# What do you suggest.......................?



## BigCountry (Dec 29, 2011)

I have been turning pens and would like to start to turn other things too. 

I am wanting to turn some bottle stoppers and pepper mills. I have a couple of questions:

1) I currently have a Sorby 3/4" roughing gouge. What other tools would you recommend I get so I can turn the bottle stoppers and mills?

2) Do you recommend any "starter kits/packages" for the bottle stoppers/pepper mills? I know someone recommended Ruth Niles' package for bottle stoppers. Are there others that you recommend?

Thanks,

Keith


----------



## BernieW (Sep 12, 2006)

Keith I turn a lot of stoppers and mills. For mills I use those from Craft Supply USA. The Artisian and the Deluxe. I have never had a problem with either. As far as stoppers go I have used several from several different vendors. I use only Ruth Niles stoppers now because they are stainless steel which won't corrode and she has a starter set which is great. You have to be careful because on most of the stoppers that are plated after a while they will corrode and they look terrible. When I first started I had a few complaints on those. 

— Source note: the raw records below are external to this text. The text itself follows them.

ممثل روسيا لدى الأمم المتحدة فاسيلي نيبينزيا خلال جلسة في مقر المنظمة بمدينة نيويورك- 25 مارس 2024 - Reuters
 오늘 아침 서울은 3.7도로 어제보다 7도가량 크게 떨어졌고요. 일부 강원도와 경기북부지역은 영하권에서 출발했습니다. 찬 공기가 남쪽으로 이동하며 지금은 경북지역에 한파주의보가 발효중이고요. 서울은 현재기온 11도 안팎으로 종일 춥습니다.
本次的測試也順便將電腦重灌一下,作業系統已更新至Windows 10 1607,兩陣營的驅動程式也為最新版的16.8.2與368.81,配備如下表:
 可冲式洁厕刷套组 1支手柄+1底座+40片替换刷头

As for tools on mills and stoppers I have a 3/8" & 1/2" bowl gouge, a 3/4" skew, a 3/8" and 1/2" spindle gouge. I do most of my work with these and a 3/4" roughing gouge along with a 1/16" thin parting tool. I get my tools from Doug Thompson here. Thompson Lathe Tools They are reasonable and second to none. They hold a edge longer than any other tool in my shop so I go to the grinder about 1/2 as much. Hope this helps and ask away.


----------



## BigCountry (Dec 29, 2011)

Thank you for the reply Bernie! I am looking at the Thompson tools as well as the Crown Tools.

With the Thompson tools, do buy his handles or turn your own? He has a link on his page for some vendors that sell tool handles. I particularly like the look and price of Paul Bennet's handles.

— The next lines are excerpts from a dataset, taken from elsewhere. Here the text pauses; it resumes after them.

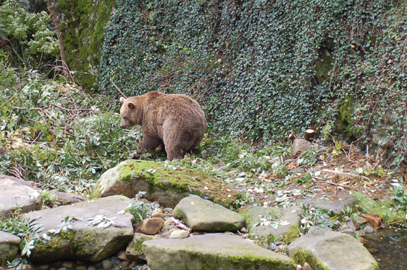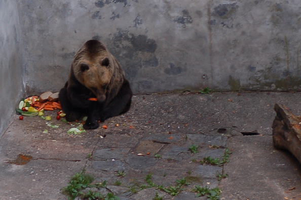 お城で16世紀から飼われている熊たち。食事が済んでお散歩中。残った野菜で小鳥たちも朝ご飯。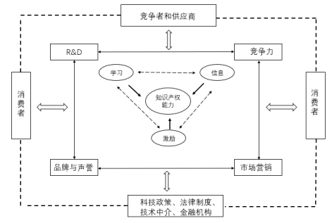 The collaborative application capability of intellectual property rights essentially represents the capacity to scientifically and effectively respond to policy controls. Policy controls primarily involve implementing measures to regulate international treaties such as those governing technology transactions, often through referencing and applying specific international intellectual property rules. Such controls may significantly impact national industrial security. Industries with intellectual property rights typically possess extended industrial chains, and their innovation ecosystems encompass multiple components including participants, innovation rights, and socio-economic environments. To effectively address intellectual property trade barriers, enterprises should prioritize continuous enhancement of their capabilities. By building collaborative IP application capabilities through innovation ecosystems (see Figure 1), they should strategically position industrial clusters with competitive advantages and vigorously develop national/regional innovation ecosystem capabilities. From the perspective of innovation ecosystems, externally, this involves comprehensive coverage of industry leaders and patent alliance managers. Internally, it requires deeper R&D initiatives supported by industrial and manufacturing systems.
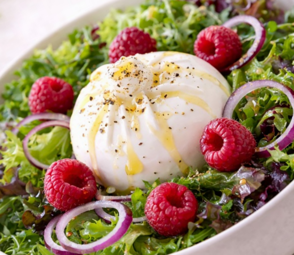 Parsemez quelques framboises ou autre fruit Merline® sur une salade verte.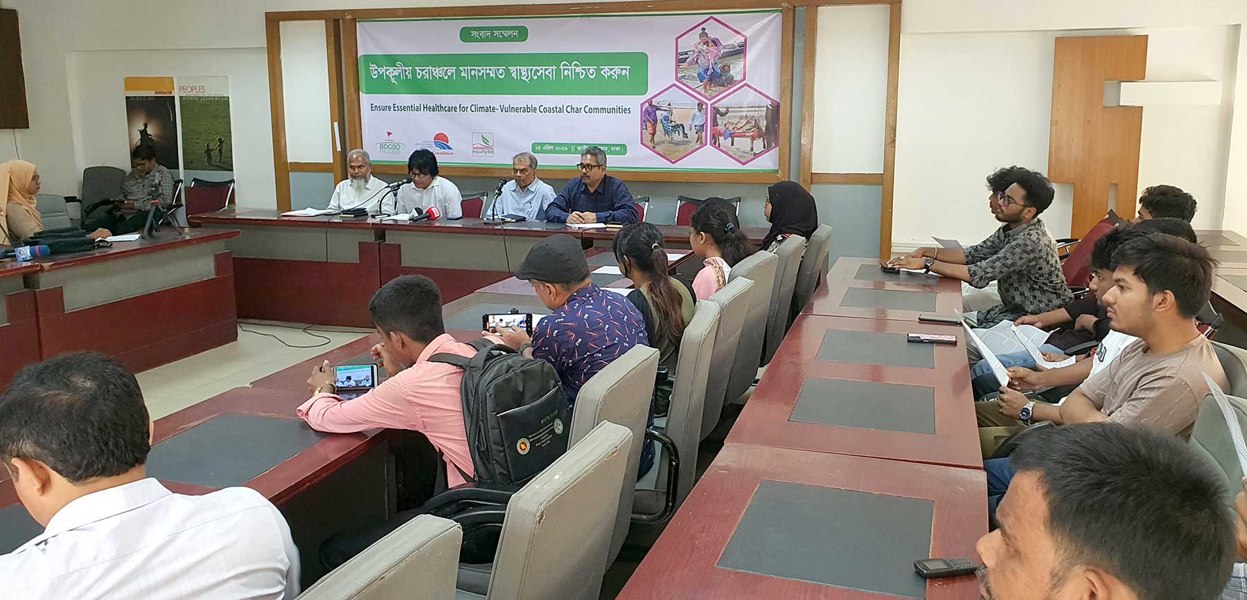 Dhaka, 15 April 2026: Basic healthcare remains a neglected reality for vulnerable, climate-affected, and isolated coastal char communities. Ensuring healthcare protection for these marginalized populations is now a matter of fundamental justice, speakers said at a press conference. They highlighted that char dwellers are facing a “double crisis”—on one hand the impacts of climate change, and on the other, a severe lack of healthcare services. In these remote char areas, where people struggle daily for survival, the term “development” will remain merely statistical unless it brings real change. “Health for All” cannot remain just a slogan; it must be translated into concrete action.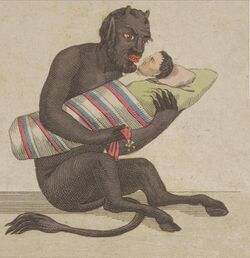A chort (Russian: чёрт, Belarusian and Ukrainian: чорт, Serbo-Croatian čort or črt, Polish: czart and czort, Czech and Slovak: čert, Slovene: črt) is an anthropomorphic malign spirit or demon[1][2] in Slavic folk tradition. Chorts are often depicted identically to Christian devils, with horns, hooves, and a skinny tail.[citation needed] In Slavic mythology, a singular Chort is sometimes identified as a son of the god Chernobog and the goddess Mara.[3][page needed] Likewise, in Ukraine mythology, Chorts were originally the priest of Chernobog.[4] In folk Christianity, they are considered lesser minions of Satan.

Another question, I have a Delta 46-460 lathe. I also have a PSI collet chuck for it. What other chuck do you recommend? I was looking at the Nova G3, but want to make sure I get a decent chuck. I have seen and heard some guys recommend the Oneway Stronghold. What is your recommendation?

Again, thank you for all your help and input!


Keith


----------



## BernieW (Sep 12, 2006)

Keith I turn my own handles. I like my handles a little longer than those you buy but that is just me. I can also make them to fit my hand comfortably. 

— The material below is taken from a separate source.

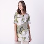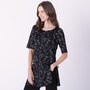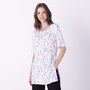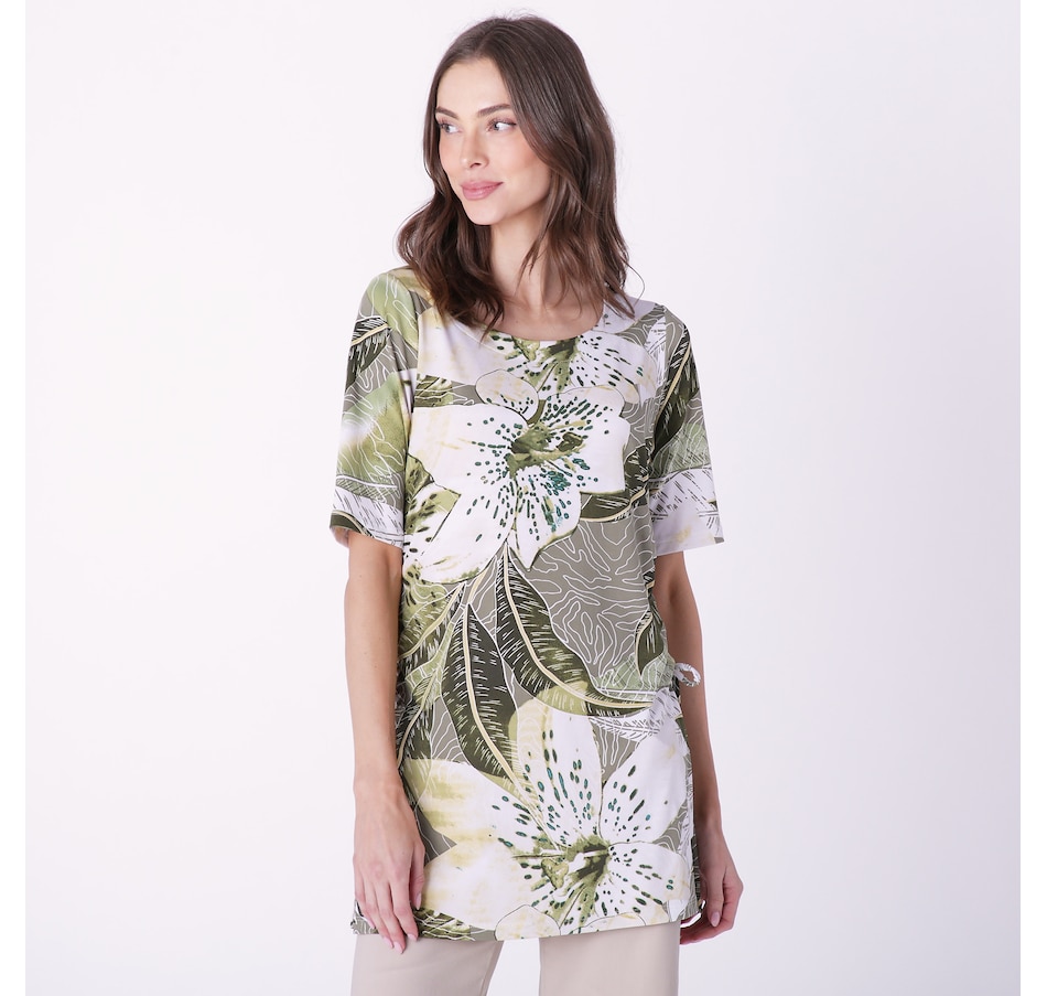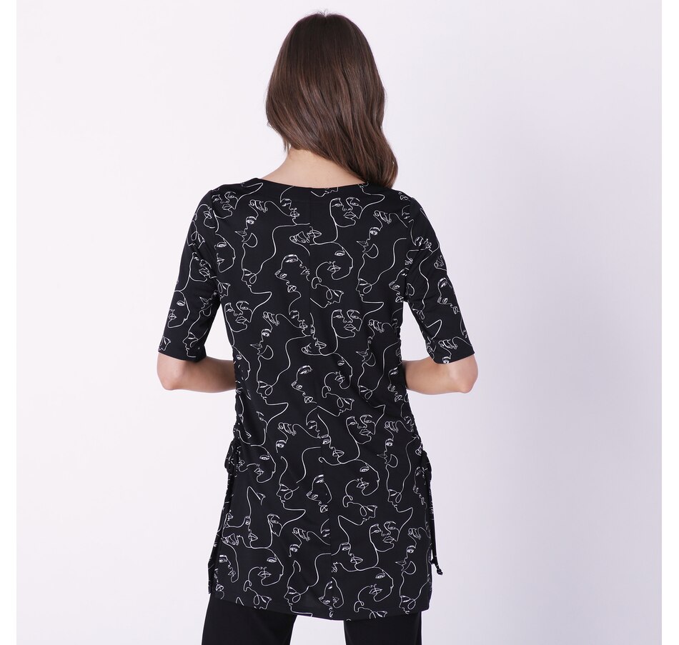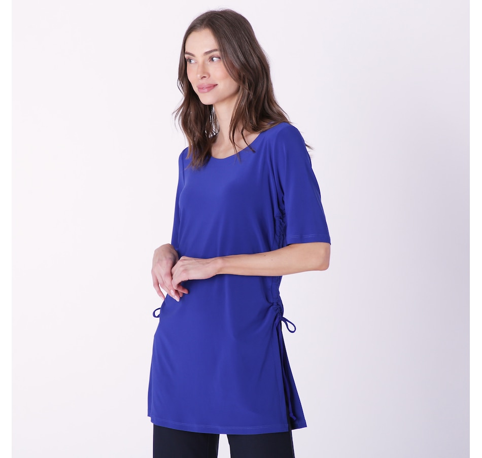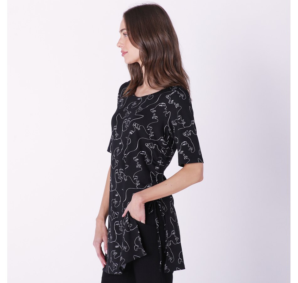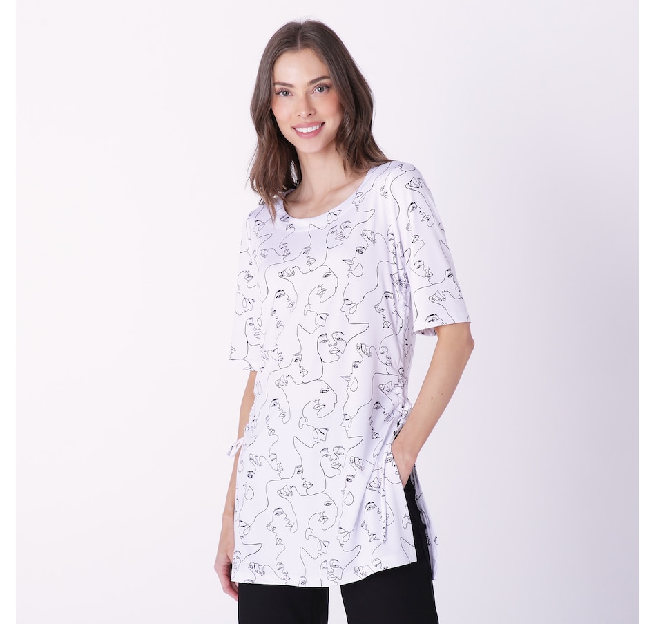 At first glance, it's a simple tee, but with a twist of the hips it's a fun fashion-forward piece! It features side functional drawstring details that can be worn open or with bows, and is made from stretch, brazil knit fabric in a variety of stylish prints.

As far as Chucks go I have a Vicmarc VM 100. I love this chuck but found out that the Grizzly chuck H6265 1 X 8 and H6267 are the same chuck. The jaws of the VM 100 will fit these chucks. So needless to say I have 5 of the grizzly chucks with different jaws on each of them. I am lazy and hate changing jaws. I have had these chucks now for about 7 yrs and not one lick of problems with any of them. 

So for your lathe the H6265 1" X 8 would be fine. 

Hope this helps.


----------



## Harrison67 (May 30, 2012)

I've been using the Barracuda chuck from PSI. One of the greatest.


----------



## Knothead47 (Feb 10, 2010)

I watched a demo at our turning club last month and the guy doesn't use a roughing gouge. He used a skew to start shaping. For more info, go to American Association of Woodturners - Official Website for lots of info on turning.


----------



## jeremylinot (Jun 5, 2009)

IMHO, suggesting to someone who possibly (may) not know how to use a skew; to suggest trying to rough with it is dangerous. Not to mention very likely to discourage them from really learning how to use it.

In capable hands a skew is a beautiful thing. For someone just learning it is a horrible catch looking for a place to happen. My .02, YMMV.


----------



## BernieW (Sep 12, 2006)

Depends on what you are roughing. On spindles a skew is no more dangerous than a roughing gouges. I use a skew all the time to rough pepper mills or bottle stoppers.

Now I agree with you that using a skew to rough a bowl or vase would be a no-no IMHO as I would not use a roughing gouge on a bowl or vase. The tang on it is small and a catch is dangerous. IMHO a skew, spindle and roughing gouges are for spindle work.


----------



## mgmine (Jan 16, 2012)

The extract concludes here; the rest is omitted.